The handler logic is small:

export async function post_auth_reset_user(req: BunRequest): Promise<Response> {
    // require admin
    const auth_ctx = await resolve_session(req);
    const guard = require_module(auth_ctx, "admin");
    if (guard) return guard;

    const user_id = req.params.id;
    const new_code = crypto.randomUUID();

    await db`UPDATE users SET hashed_password = NULL, verified_at = NULL, invitation_code = ${new_code} WHERE id = ${user_id}`;

    return Response.redirect(`/invite/confirm/${new_code}`, 303);
}

Clearing hashed_password and verified_at returns the user to the invited-but-not-registered state. The admin gets the new registration link from the confirm page and shares it.

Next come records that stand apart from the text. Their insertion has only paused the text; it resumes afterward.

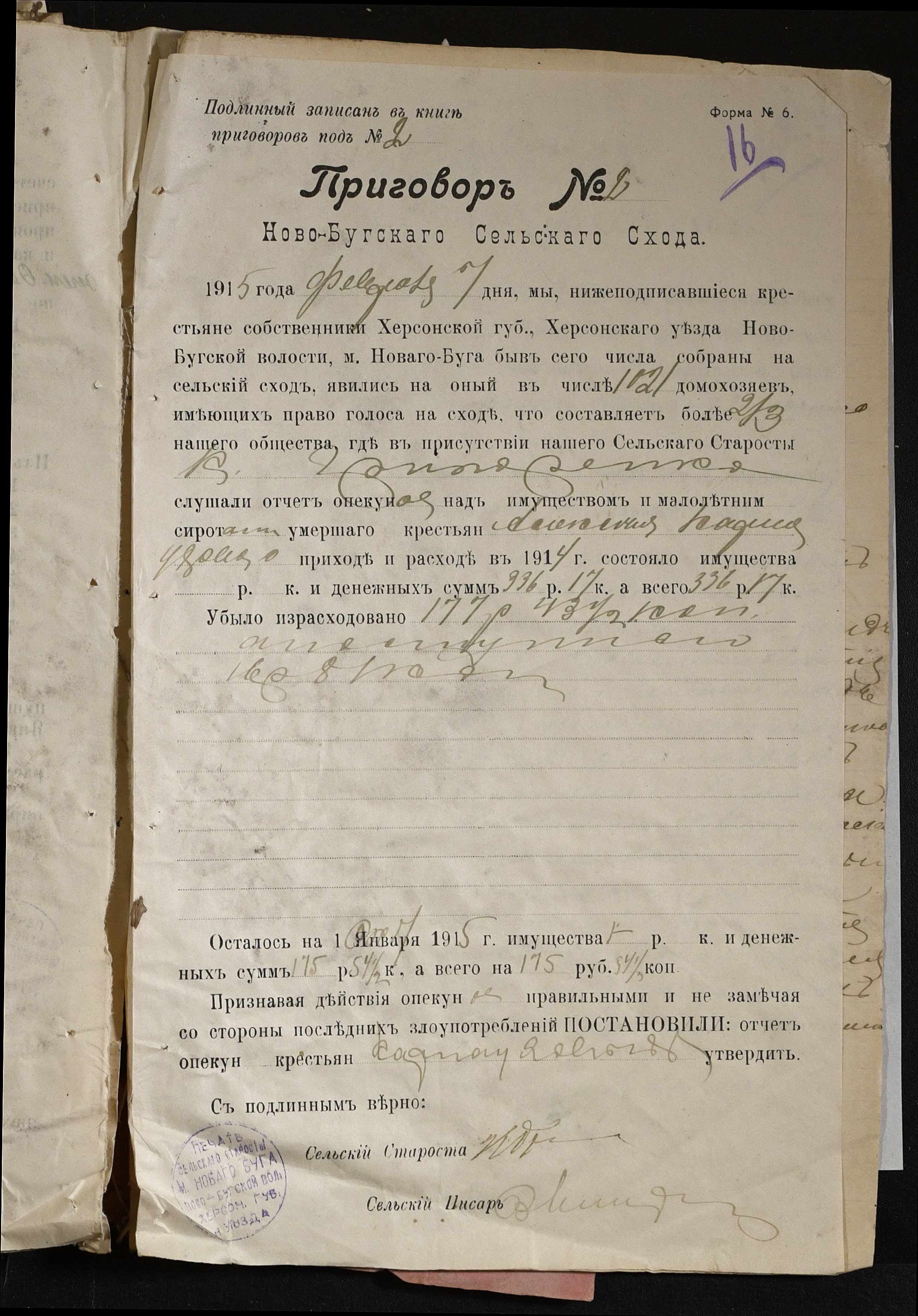 ◦ ◦ Фонд № 14 “Новобузьке волосне правління”
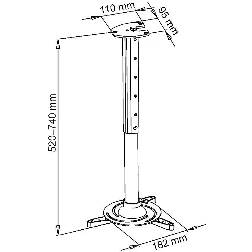 Description - Projector mount with a capacity of up to 15 kg, height adjustment of + 15 to - 15 degrees and 360 progressive horizontal adjustment. The handle has adjustable mounting holes and a system to hide cables.
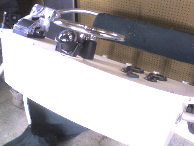 Marlin Tower with full Merc controls (with plastic still on them), guages, steering wheel, compass, and 4 rod rocket launcher. I believe the top was originally purchased to go on top of a Bayliner Trophy, but I am not sure. The guy that bought it originally is dead and hasn't answered any of my questions. I'm not sure if it has ever been on the boat or not everything looks perfect just dusty from being in the shed for a few years. Perfect to go on top of a express outboard power boat. No Buggy top. Located in Falmouth MA. Asking $975.00. Front legs measure aproximately 61" wide and the back 71".
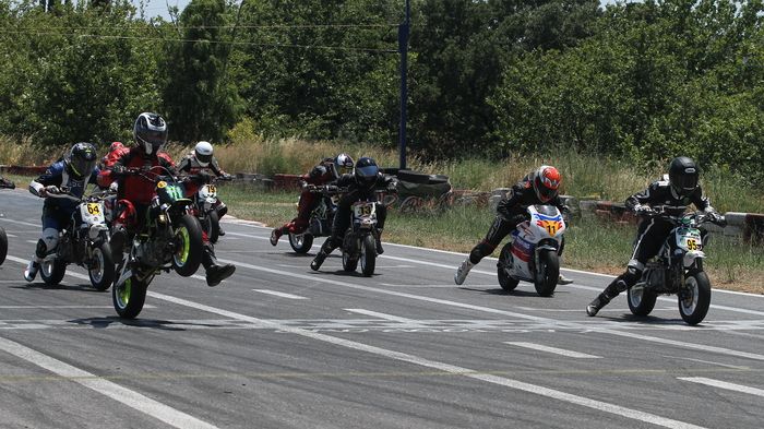 Κατηγορία MiniGP S Στην κατηγορία MiniGP S είδαμε αρκετές συμμετοχές από αναβάτες που τρέχουν και στο Πανελλήνιο Πρωτάθλημα Ταχύτητας. Στην εκκίνηση έφυγε μπροστά ο Νίκος Λιόλιος κάνοντας την έκπληξη. Δύο γύρους αργότερα όμως, ο Σάκης Συνιώρης έκανε την κίνηση του, περνώντας με τη σειρά του πρώτος. Παρόλο που ο Λιόλιος δεν έχασε την επαφή με τον πρώτο, δεν είχαμε άλλες εναλλαγές στην κορυφή, με τον Συνιώρη να καθορίζει το ρυθμό του αγώνα, και να παίρνει την καρό σημαία. Στο γύρο μάλιστα του θριάμβου έδειξε το κέφι και το ταλέντο του στη σούζα, χαρίζοντας μας έξτρα θέαμα. Τρίτος ήταν ο Γιώργος Παπασταύρου, ενώ αξίζει να σημειώσουμε πως οι πρώτοι τρεις τερμάτισαν με διαφορά μολις ενός δευτερολέπτου! Τέταρτος ήταν ο Πίππος, και την πεντάδα έκλεισε ο Φασουλάκης.
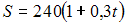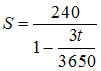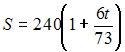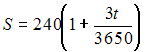 Если временная база по начислению процентов равна 365 дням, то размер долга S (тыс. руб.) фирмы банку через t дней можно определить как …
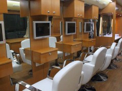 車載式移動理發(fā)車/美容美發(fā)車不僅有沙龍鏡、沙龍椅、專業(yè)的洗頭臺、燙發(fā)機(jī),還有電視、空調(diào)、勁爆的音響和絢麗的燈光,儼然一艘理發(fā)“航母”,里面裝修配置煞是吸人眼球-理發(fā)車、化妝車、美甲車定制15271321777
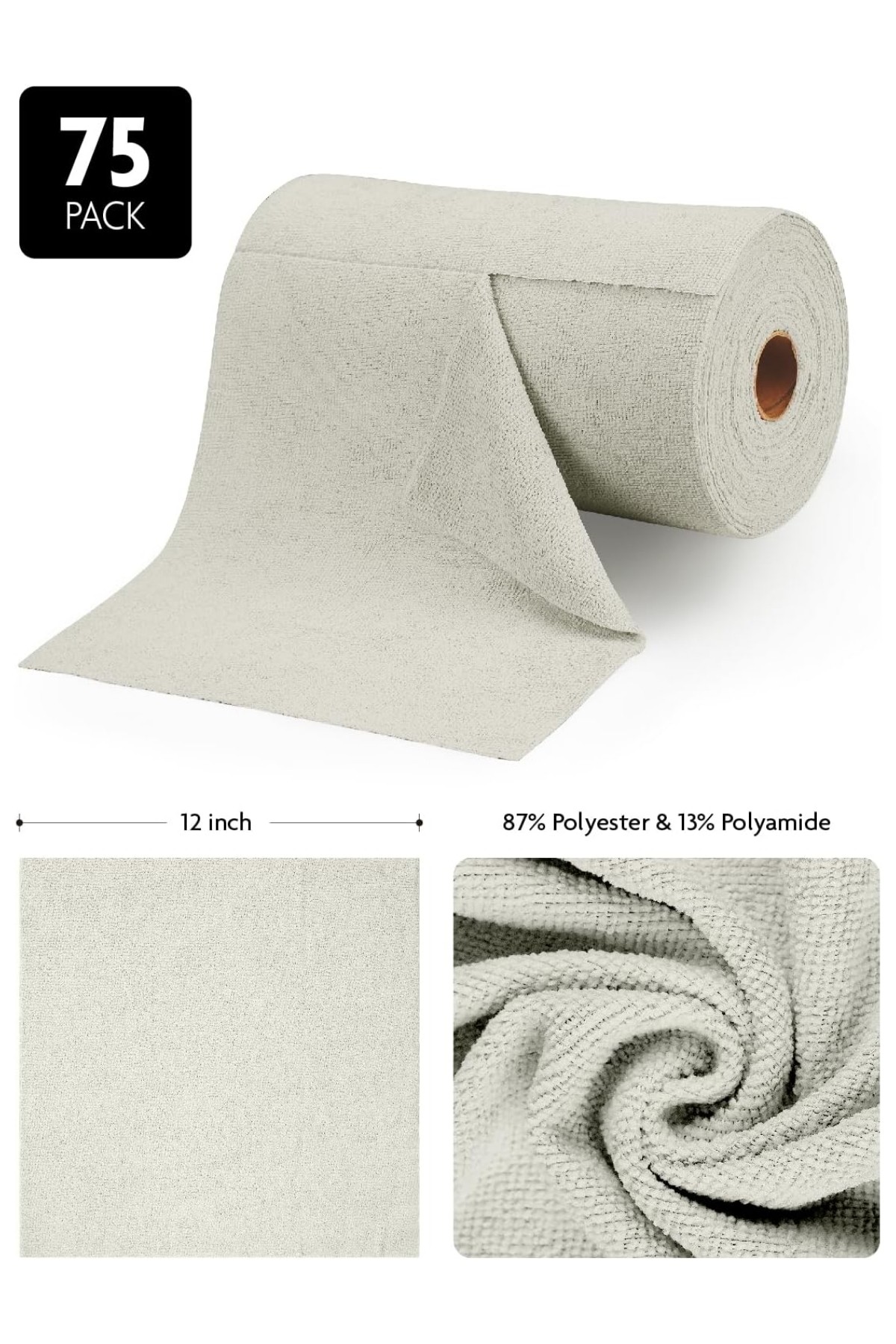 Çok Amaçlı Rulo Mikrofiber Temizlik Bezi 30x30 75 Yapraklı Açık Gri
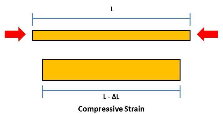 Strain measure under compressive loading is known as compressive strain. It tends to increase the cross-section area and decrease the length of the body.

For a self-service version - the classic "email me a reset link" - the implementation is straightforward: add a public /forgot form that takes an email, look up the user, set a new invitation_code, and email the registration URL. The same verify_and_register_user flow that handles initial registration handles the reset. The only addition is rate-limiting the public form so it can't be used to spam emails.

Account Deletion

Account deletion has no shipped handler because the right approach varies - some applications hard-delete (drop the row), others soft-delete (mark the row inactive and retain the data), others anonymise (replace the email with deleted_<id>@example.invalid and clear personal fields). Pick what fits your data retention requirements.

The minimal shipped pattern is a hard-delete that also destroys the session:

export async function post_auth_profile_delete(req: BunRequest): Promise<Response> {
    const auth_ctx = await resolve_session(req);
    const guard = require_auth(auth_ctx, req);
    if (guard) return guard;

    await db`DELETE FROM users WHERE id = ${auth_ctx.session!.user_id}`;
    await destroy_session(auth_ctx.session_id!);

    const headers = new Headers({
        Location: "/",
        "Clear-Site-Data": "cache, storage",
    });
    headers.append("Set-Cookie", build_clear_cookie().toString());

    return new Response(null, { status: 303, headers });
}

For applications where foreign-key constraints reference the user (orders, posts, audit logs), the hard delete will fail on the first ON DELETE RESTRICT it hits. Either set those constraints to ON DELETE CASCADE (if the dependent records should go too) or ON DELETE SET NULL (if they should outlive the account), or switch to a soft-delete that keeps the row.